20 March 2014, News Wires – It is now easier to access reliable data on small hydropower projects globally following the launch of a website designed to promote this technology, says a UN body.
The UN Industrial Development Organization (UNIDO) and the International Center on Small Hydro Power (ICSHP), a China-based, non-profit body that promotes this form of energy worldwide, launched the site last month (13 February).
“The first step is to share knowledge so that decision-makers, stakeholders, investors and local communities can benefit and learn from our resource,” says Liu Heng, the ICSHP’s director-general.
Small hydropower plants – producing up to ten megawatts of power (almost enough to run a 20-carriage, high-speed train) – generate this energy from flowing water. Such plants offer the chance of energy independence to rural communities that are not connected to the electricity grid, says the website.
The new site includes a map based on three years of data gathering that has 20 regional overviews and 149 country reports.
Each report is designed to be small enough to download on a mobile phone, so poorer people without access to computers can get hold of it.
As small hydropower technology is flexible and plants are easy to build, operate and maintain locally, they can benefit rural regions, boosting industrial development in a socially inclusive way, says Liu.

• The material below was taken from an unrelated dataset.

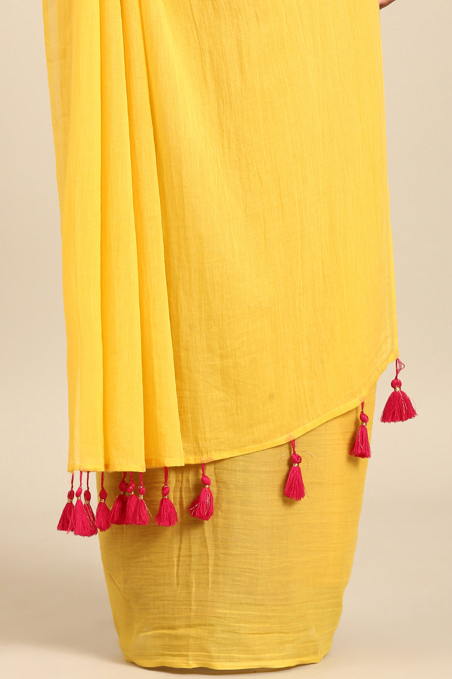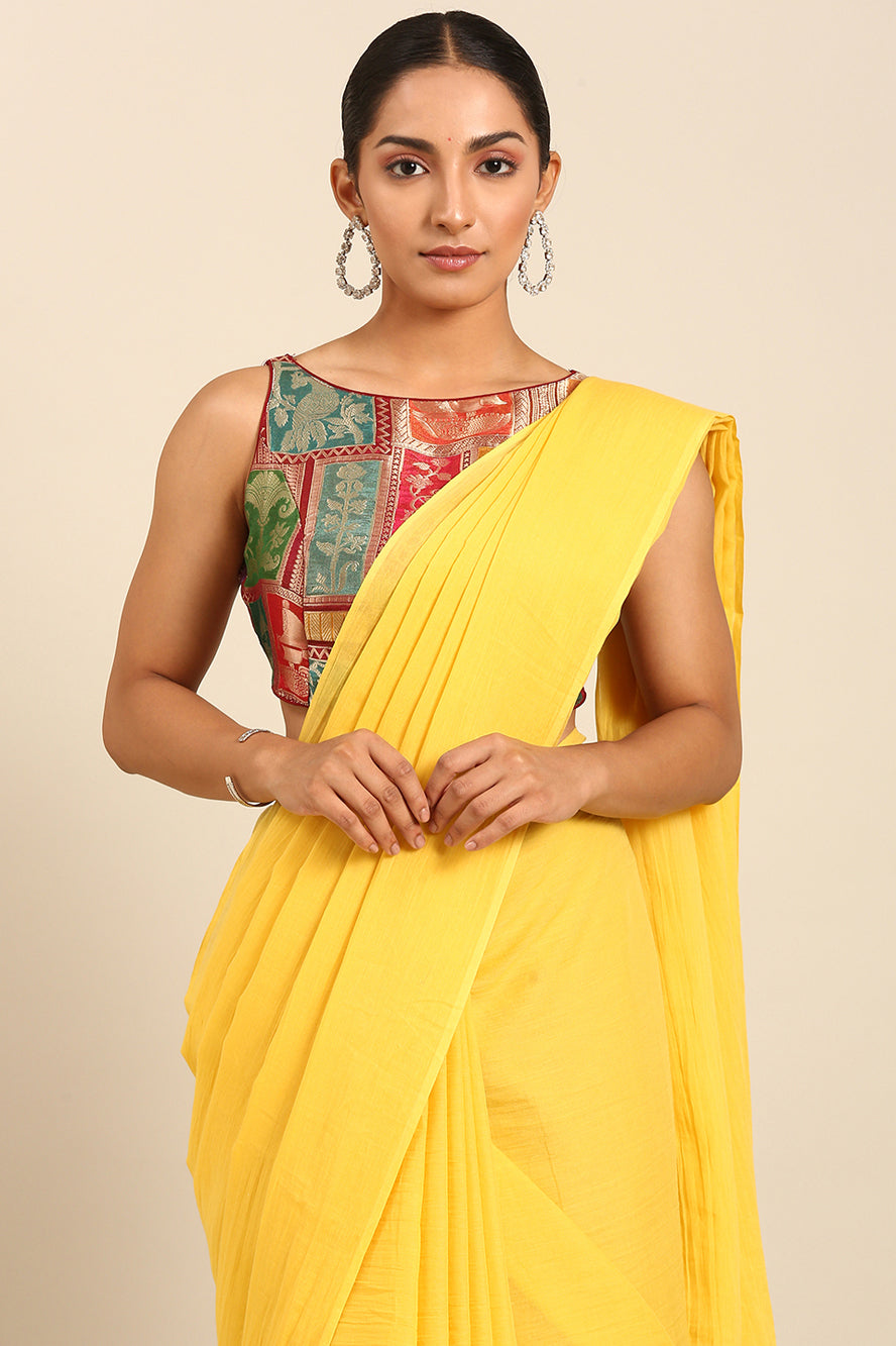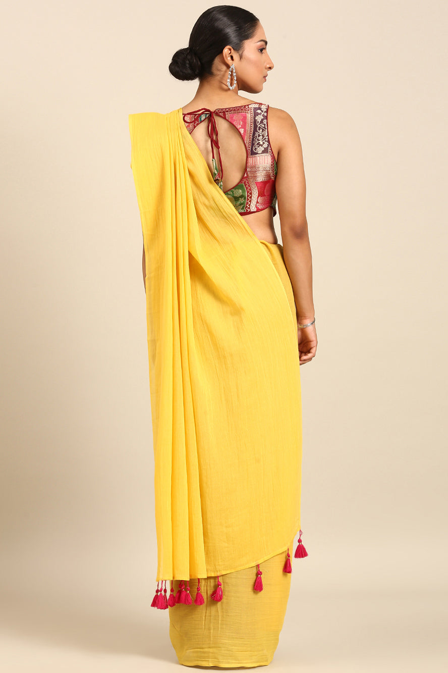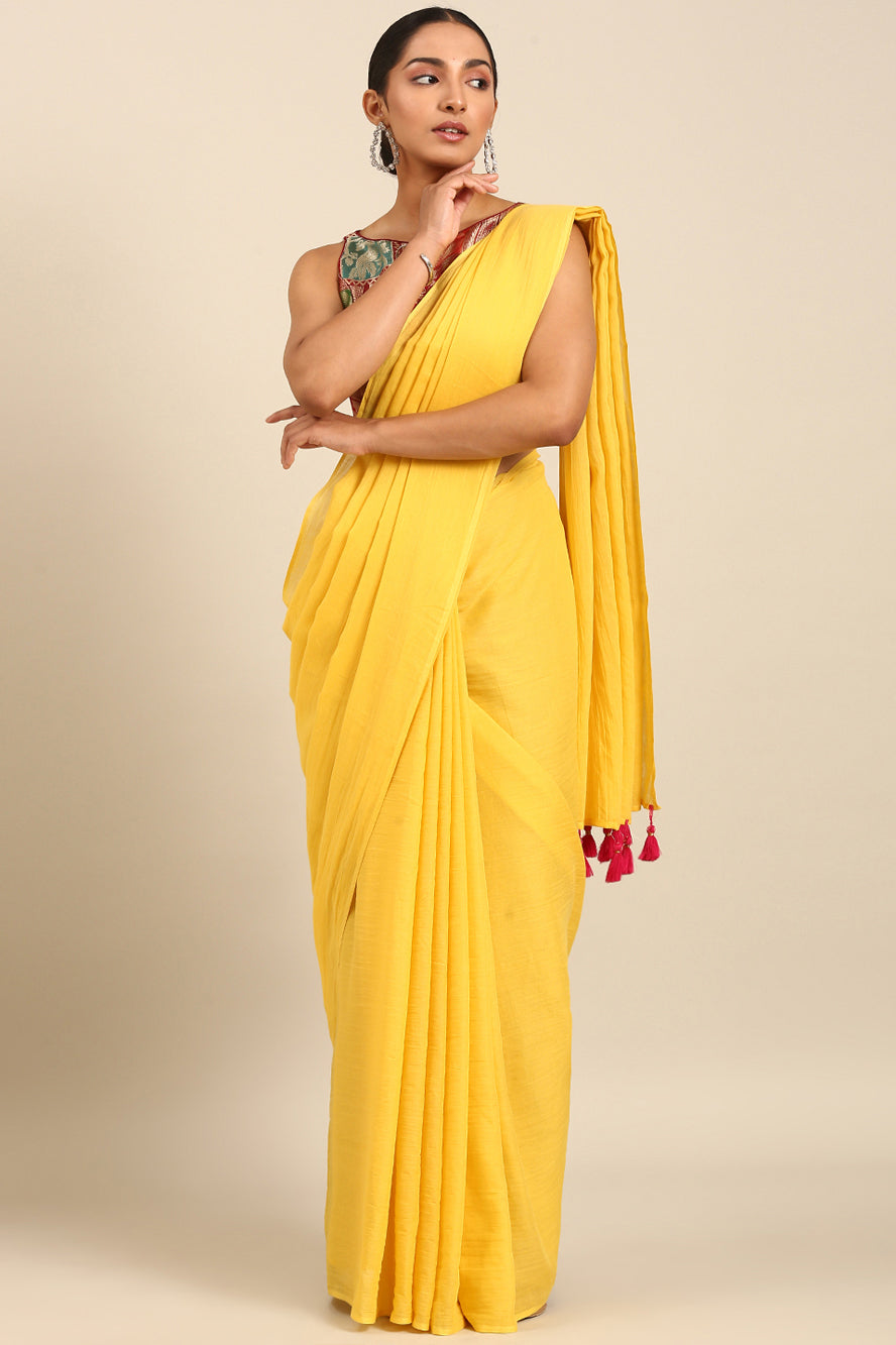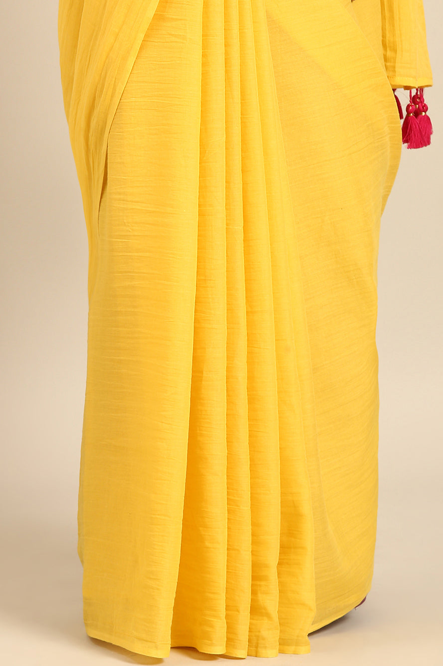 Radiate pure joy. This solid yellow saree makes a vibrant, sunny statement on its own. The simple bhoti detail on the pallu ensures the focus remains on the powerful, cheerful hue.

“Rural electrification can mark a revolutionary change for local communities previously reliant on gasoline,” he says.
Lara Jin Qiu-ting Esser, senior programme officer at ICSHP and one of the editors of the report, tells SciDev.Net that her organisation is “open to the idea” of including scientific research on small hydropower in future reports.
She also hopes to add case studies showing technical, social and environmental aspects of the technology, along with different financing mechanisms.
“If we can create an understanding that small hydropower is a renewable energy option and raise awareness of its potential at the national and regional level, then we can empower people to invest in its future,” says Esser.